Their is a level of trust between influencer and follower, the content is more authentic and native to that user’s experience, and it doesn’t disrupt the UX say for instance like display ads might do.
So what constitutes an effective Influencer? Reach on its own is simply a vanity metric and does not equate to “influential value.”
Takumi conducted an analysis of 500k Instagram accounts.
As reach scaled up the relative engagement per post decreased (as reach goes into the millions, engagement dips well below 1%)
Our influencers start at 1k followers and average at about 10k, meaning they provide 2x more engagement per 100k followers than does a single influencer 100k+ followers.
Leveraging smaller “micro influencers” in a targeted way is more effective than simply one influencer. This is the difference between social influencing and social broadcasting.
But effectively leveraging influencers can be challenging…
Finding and leveraging influencers is not a cut and dry process. There are no standard operating procedures.
Finding the relevant influencers, even large ones is a logistical pain.

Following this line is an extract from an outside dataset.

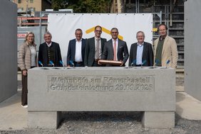 Foto: Grundsteinlegung für das neue Quartier. Ulrike Bachir, Amt für Stadtplanung und Wohnen der Landeshauptstadt Stuttgart, Bernd-Marcel Löffler, Bezirksvorsteher Bad Cannstatt, Martin Schuder, Technischer Direktionsleiter Ed. Züblin AG – Direktion Stuttgart, Wolf Gieske, Technischer Geschäftsführer der SWSG, Samir M. Sidgi, Vorsitzender der Geschäftsführung der SWSG, Peter Pätzold, Bürgermeister für Städtebau, Wohnen und Umw elt der Landeshauptstadt Stuttgart, Thomas Schüler, Architekt und Gründer Thomas Schüler Architekten Stadtplaner (von links).

Either it is done in-house and drains internal resources, or it is outsourced, and there is little transparency in pricing for influencer services
Micro influencers, while valuable assets are even more difficult to source and leverage because they need to found, briefed, and contracted at scale.

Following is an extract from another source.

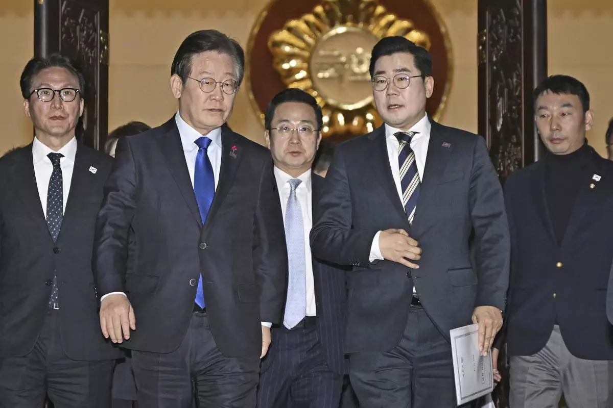 South Korea's main opposition Democratic Party leader Lee Jae-myung, front left, and its floor leader Park Chan-dae, front right, leave a room at the National Assembly in Seoul after South Korea’s parliament voted to impeach President Yoon Suk Yeol Saturday, Dec. 14, 2024. (Kyodo News via AP)

One of the things to consider once you have found influencers is how you approach that working relationship.
Paying smaller influencers to promote a certain product isn’t something brands and marketers necessarily something that brands and marketers don't want to talk about.
Because ultimately what they are trying to achieve and enable is earned media - the word of mouth advertising that is so crucial to a brand’s success
The debate between whether or not social influencer marketing constitutes earned or paid media is one that divides audiences.
At Takumi, we believe that social influencer marketing falls into the earned media category, even if you are paying for it. This might sound counter-intuitive, but let me explain:
On one hand, influencers can be ambassadors. They believe in the product or service and will promote it because of those factors. This is truly earned media. Peer-to-peer recommendations have replaced traditional ads and so and so influencers are essential to swaying opinions of consumers.
On the other hand, influencers are experts, thought leaders, and content creators whose time and creative outputs must be respected by the brands who approach them.
As a result, we take the stance that paying influencers is necessary and does not constitute buying loyalty. It is representative of fair compensation for the influencer’s time, expertise, and creativity.